Nuclear hormone receptors (NRs) mediate essential physiological processes, but are also implicated in human disease. Though NR activity is highly regulated, nearly all existing approaches to treat NR-dependent disease target only one regulatory mechanism, ligand binding. Ligand-based therapies are limited by acquired resistance and side-effects associated with the alteration of normal NR activity in non-diseased tissue. My long term goal is to develop novel, non-ligand treatments for NR-dependent diseases that overcome these limitations. My current work focuses on the androgen receptor (AR), a canonical NR that is involved in many diseases, including prostate cancer (PCa). Current anti-androgen treatments inhibit AR activity in all AR-expressing tissues, resulting in serious side-effects, and development of resistance after 3-5 years of treatment. Orthogonal approaches, those that seek to inhibit AR activity by means other than ligand binding, have the potential to overcome these limitations and offer an important therapeutic complement. Combinatorial treatment with ligand-based and ligand-independent inhibitors could delay or prevent resistance. Additionally, creating tissue-selective, non-ligand inhibitors could reduce side-effects associated with current anti-androgen treatments. I have created a cell-based assay that measures the ligand-induced conformation change of AR using fluorescence resonance energy transfer (FRET). I used this assay to identify novel, non-ligand molecules that inhibited AR conformation change and subsequent transcriptional activity. The most promising compound, pyrvinium pamoate, is an FDA-approved drug that I have shown has potent anti-androgenic effects in mice and possible cell-selective activity. In this grant, I propose to determine the mechanistic basis of cell-selective PP action and correlate these findings with tissue-selectivity in vivo. I also aim to greatly expand our understanding of the cellular control of AR activity using the conformation change assay to dissect the cellular networks that regulate tissue-selective AR conformation change, thus identifying clinically relevant drug targets and new leads for anti-androgen development.

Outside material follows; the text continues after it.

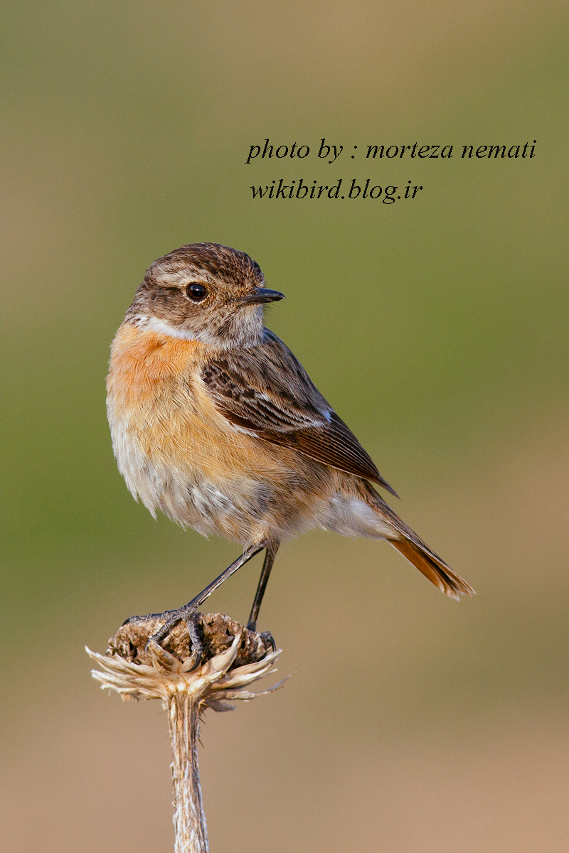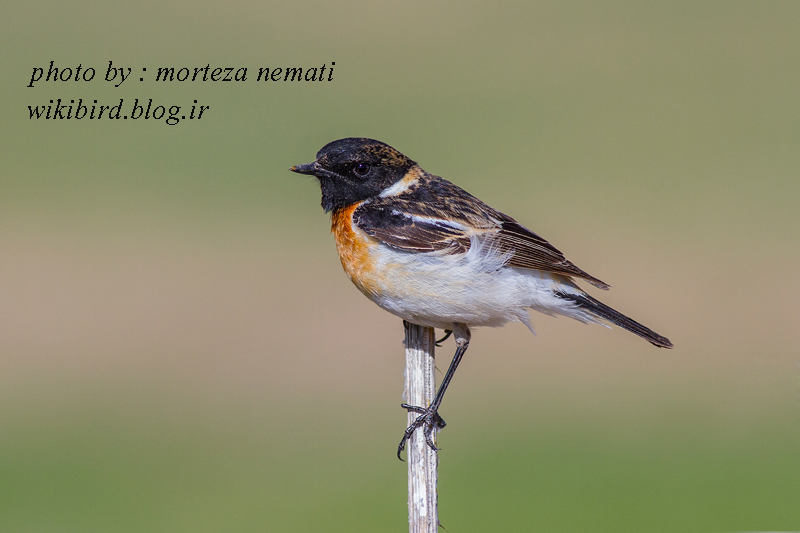چک سیبری (چک آسیایی) حدود دوازده و نیم سانتیمتر است؛ پرنده نر سر و گلوی سیاه مشخصی با نیم طوق پهن و سفید و نوار بالی سفید و باریک دارد . سطح پشتی آن تیره رنگ با لکههای سفید روی دمگاه و سطح شکمی آن بلوطی پررنگ است که در ناحیه شکم به نخودی می گراید ، پروبال پاییزی آن قهوهایتر و تیرهتر است . ماده و نابالغ این پرنده سطح پشتی قهوهای با رگههای سیاه دارند و روی دمگاهشان اثری از رنگ سفید دیده نمی شود ولی علائم سیاهرنگی روی گلو دارند . معمولا در بالای بوتهها و روی سیمهای تلگراف می نشیند و در این حالت مرتبا بالها و دم خود را تکان می دهد ، پروازش در ارتفاع کم و توام با تکانهای خاصی است.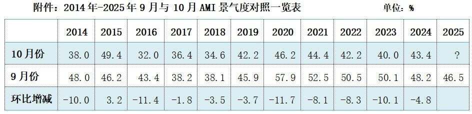 9月份AMI指数为46.5%,比上月下降9.4个百分点,比上年同期下降1.7个百分点。

核激素受体（NR）介导基本的生理过程，但也涉及 人类疾病。虽然NR活性受到高度调节，但几乎所有现有的治疗NR依赖性的方法都是通过调节NR活性来实现的。 疾病的目标只有一个调节机制，配体结合。基于配体的疗法受到以下限制： 获得性耐药性和与非疾病患者正常NR活性改变相关的副作用 组织.我的长期目标是为NR依赖性疾病开发新的非配体治疗方法， 克服这些限制。我目前的工作重点是雄激素受体（AR），一个典型的NR， 它与许多疾病有关，包括前列腺癌（PCa）。目前的抗雄激素治疗可抑制AR 在所有AR表达组织中的活性，导致严重的副作用，并在3-5天后产生耐药性。 多年的治疗。正交方法，那些寻求通过配体以外的方式抑制AR活性的方法 结合，有可能克服这些局限性，并提供一个重要的治疗补充。 基于配体和非配体依赖性抑制剂的联合治疗可以延迟或预防 阻力此外，创造组织选择性，非配体抑制剂可以减少相关的副作用 目前的抗雄激素治疗。我发明了一种基于细胞的检测方法， 使用荧光共振能量转移（FRET）检测AR的构象变化。我用这个实验 鉴定抑制AR构象变化和随后转录的新的非配体分子 活动最有前途的化合物，pyrvinium双羟萘酸，是一种FDA批准的药物，我已经证明， 在小鼠中有效的抗雄激素作用和可能的细胞选择性活性。在这项拨款中，我建议 确定细胞选择性PP作用的机制基础，并将这些发现与组织选择性相关联 in vivo.我的目标还在于通过使用细胞因子来大大扩展我们对AR活性的细胞控制的理解。 构象变化分析，以剖析调节组织选择性AR构象的细胞网络 变化，从而确定临床相关的药物靶点和抗雄激素开发的新线索。